Artwork Information

  • Title:

    Painter, The

  • Artist:

    Motherwell, Robert

  • Artist Bio:

    American, 1915–1991

  • Date:

    1944

  • Medium:

    Oil, crayon, pasted sandpaper and papers, and printed map

  • Dimensions:

    24 x 19 7/8 inches

  • Credit Line:

    Wichita Art Museum, Museum purchase, Wichita Art Museum Members Foundation, and the National Endowment for the Arts Museum Purchase Plan

  • Object Number:

    1969.4

  • Display:

    Not Currently on Display


About the Artwork

This object is one of a series of seminal collage works executed by Robert Motherwell in 1943 and 1944, works in which he developed some of the most enduring themes and motifs of his pictorial language—pictorial themes subsequently explored in his signature abstract expressionist paintings and in monumental collage works of the 1960s and 1970s. Motherwell was attracted to the medium of collage by his admiration for the French modernists Picasso, Braque, and Matisse as well as his interest in European surrealism.

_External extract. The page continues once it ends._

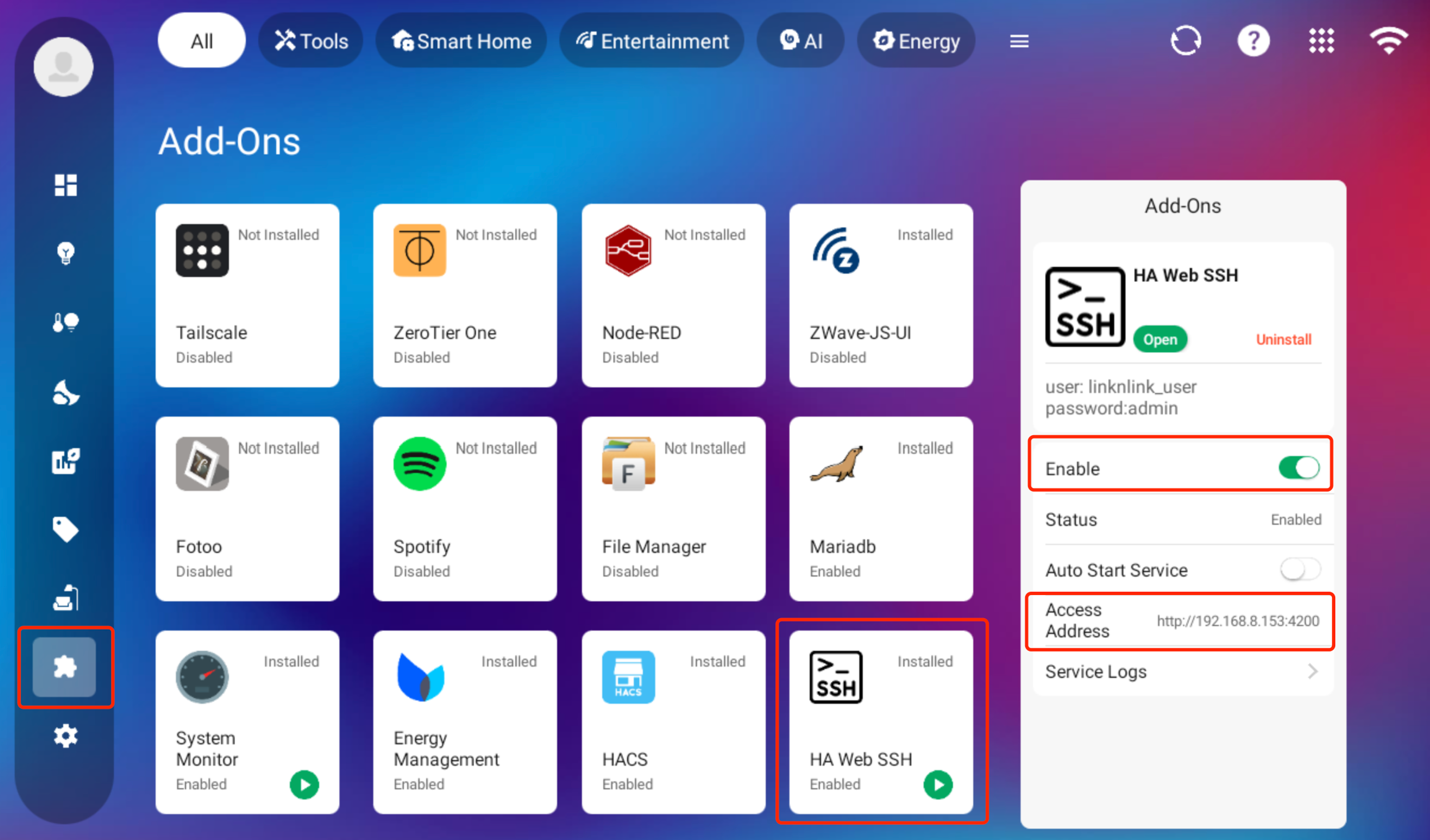 3) Go to iSG add-ons, click HA Web SSH, install and Enable it.

The Wichita Art Museum’s The Painter exhibits Motherwell’s preferred abstract schema of organic and emotive elements including color, textures, found papers, and irregular markings held in suspension for contemplation by a rationalistic architectonic grid work of horizontal and vertical rectangles. The collage medium allowed Motherwell to incorporate elements of surrealist technique such as automatic drawing or graffiti—seen here in the contour drawing in the center of the yellow-green paint on mulberry paper and the black outline of a rectangle framing the contour of an ovoid shape. The motif of an ovoid held in a vice of rectangles was to become the dominant motif in Motherwell’s signature paintings of his favored theme of war elegies.

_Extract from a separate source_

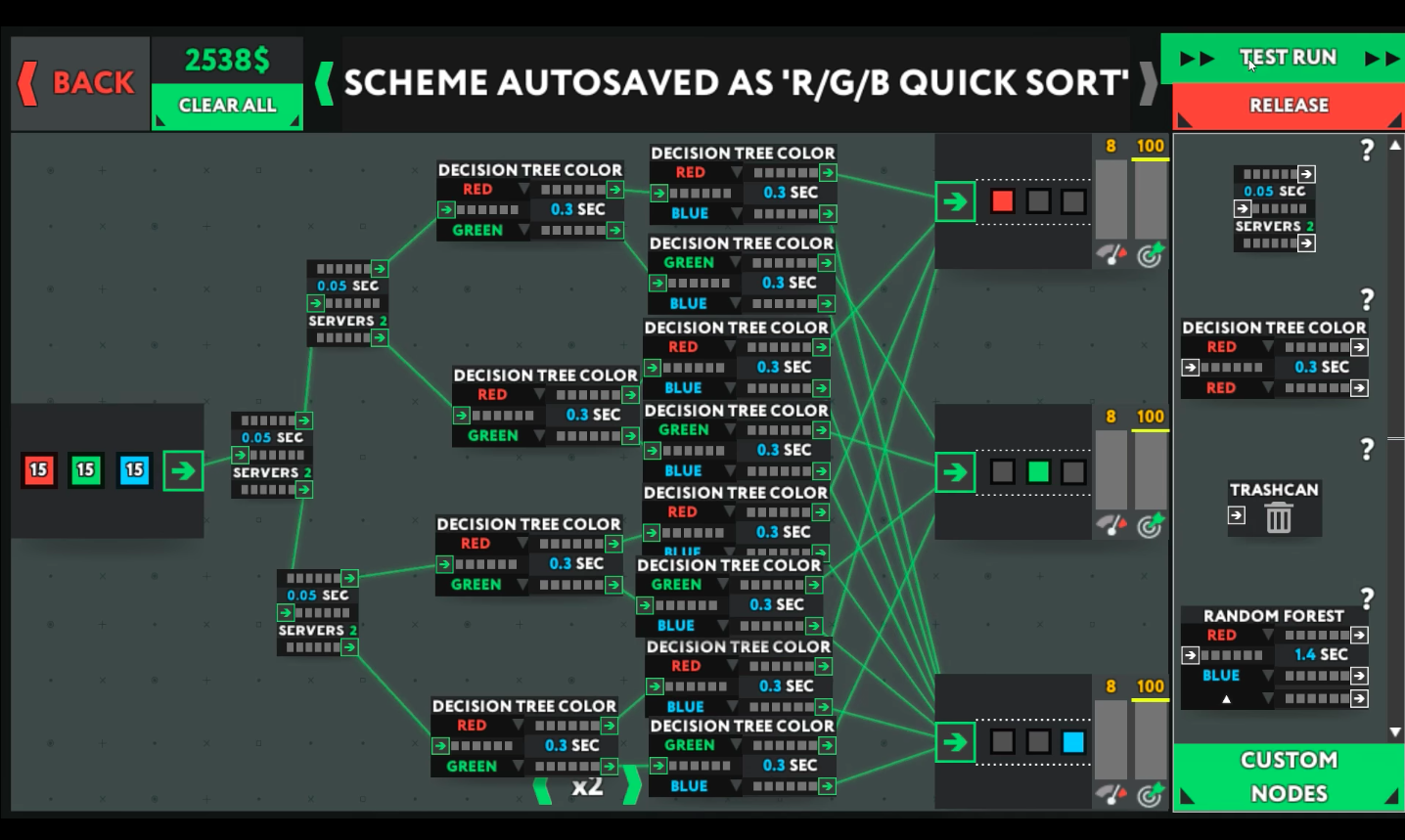 메달 시스템으로 등급이 매겨지며 등급은 사용하는 노드 수와 프로그램 작동 속도에 따라 달라진다. 코딩 테스트처럼 코드가 너무 오래 걸리면 실패!

This collage shares with others in its series specific allusions to contemporaneous events of war that engaged so many members of the artistic community, especially in New York where aspiring American artists came into direct contact with the refugee European artists who imported to the United States not only their radical modernist aesthetics but also their bitter experiences of WW II. The small rectangle shape of white with a black line down the center located in the lower right corner echoed the motif of a jail window introduced in Motherwell’s 1943 collages dedicated to the Spanish Civil War and to Poncho Villa. The small horizontally oriented rectangle of cut green and white map paper was taken from a contemporaneous military contour map appears in other collage images of 1944. Motherwell told Jack D. Flam in an interview of 1983 that he regarded his collages as “a kind of private diary” that allowed him to incorporate intimate subjective associations with the real world into his abstract imagery.